Unlocking Verizon Galaxy Note II and Galaxy S3

galaxy-note-II-verizon-unlock

[Adam Outler] and friends have been hard at work unlocking the bootloader of some Verizon Android devices. His most recent adventure involves unlocking the Verizon branded Samsung Galaxy Note II.

You can’t run Cyanogenmod on a device that has a locked bootloader. This is presumably why it took no time at all for the XDA forum users with Verizon phones to raise enough money to put one of these puppies in [Adam’s] hands. He walks through the process he used to find the exploit in the video after the break. We’re not experts on the process, but apparently the .pit file used when flashing Odin is the entry point for the exploit. A bit of code has been injected into it which provides an opening to flash a replacement bootloader.

We mentioned the Galaxy S3 in the title. Apparently that has been unlocked as well but with one big hang-up. An over-the-air update could possibly brick the S3. To avoid this issue with the Galaxy Note II the original bootloader is patched and reflashed as part of the exploit.

13 thoughts on “Unlocking Verizon Galaxy Note II and Galaxy S3

  1. “You can’t run Cyanogenmod on a device that has a locked bootloader.”

    I’ve been doing it for years with the DROID 2, 3, and 4.

  2. The S3 on verizon has been able to be unlocked for quite some time now, there’s a bunch of different ways to do it even. One guy made a couple of free apps in the market even for the lazy ones who refuse to use adb. An over the air wont brick the s3 after unlock, it could soft brick it but that takes all of 5 minutes to fix. If your running a custom recovery you shouldn’t accept over the airs anyway, someone usually has them in a zip ready to go the same day. Check out rootzwiki.

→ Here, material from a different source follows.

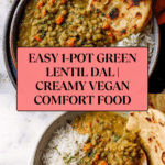 A comforting and flavorful 1-pot green lentil dal made with aromatic spices, coconut milk, and fresh vegetables. This easy-to-make vegetarian Indian-inspired dish is perfect for a nutritious meal served with rice or naan.

    1. Par for the course I’m afraid. These guys like to release other peoples stuff and call themselves “da haXor” all the time :(

  3. Next one to do. Unlock the Motorola Photon Q without voiding the warranty. Motorola and Sprint have it setup where you can get the unlock code for free, but then they know you’ve done it and *poof* warranty gone forever even if you never do anything else to it. You don’t even have to actually unlock it, just requesting the code voids the warranty.

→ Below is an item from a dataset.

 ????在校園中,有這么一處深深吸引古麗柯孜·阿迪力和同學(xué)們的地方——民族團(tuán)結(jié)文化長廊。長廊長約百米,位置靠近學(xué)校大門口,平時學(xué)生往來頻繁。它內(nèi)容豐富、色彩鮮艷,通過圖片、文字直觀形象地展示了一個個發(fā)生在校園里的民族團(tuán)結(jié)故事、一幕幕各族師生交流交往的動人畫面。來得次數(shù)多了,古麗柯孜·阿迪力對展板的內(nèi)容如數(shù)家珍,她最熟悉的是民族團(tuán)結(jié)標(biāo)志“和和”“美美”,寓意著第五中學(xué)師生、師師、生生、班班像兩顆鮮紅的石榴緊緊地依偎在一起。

  4. If you’re ever going to root your Android device, why would you leave the default bootloader on it? Almost any factory bootloader can overwrite sections of the ROM and temporarily(or sometimes permanently) brick the device if it’s not overwriting what it thinks it is.

    1. You’re looking for a network unlock but this article is about bootloader unlocking which is to allow gs3 and note 2 on verizon to install BOTH a custom recovery AND kernel without multiple boots (KEXEC). Verizon GS3 come unlocked :) just download Phoneinfo and HiAPN global from the market are you are good to go.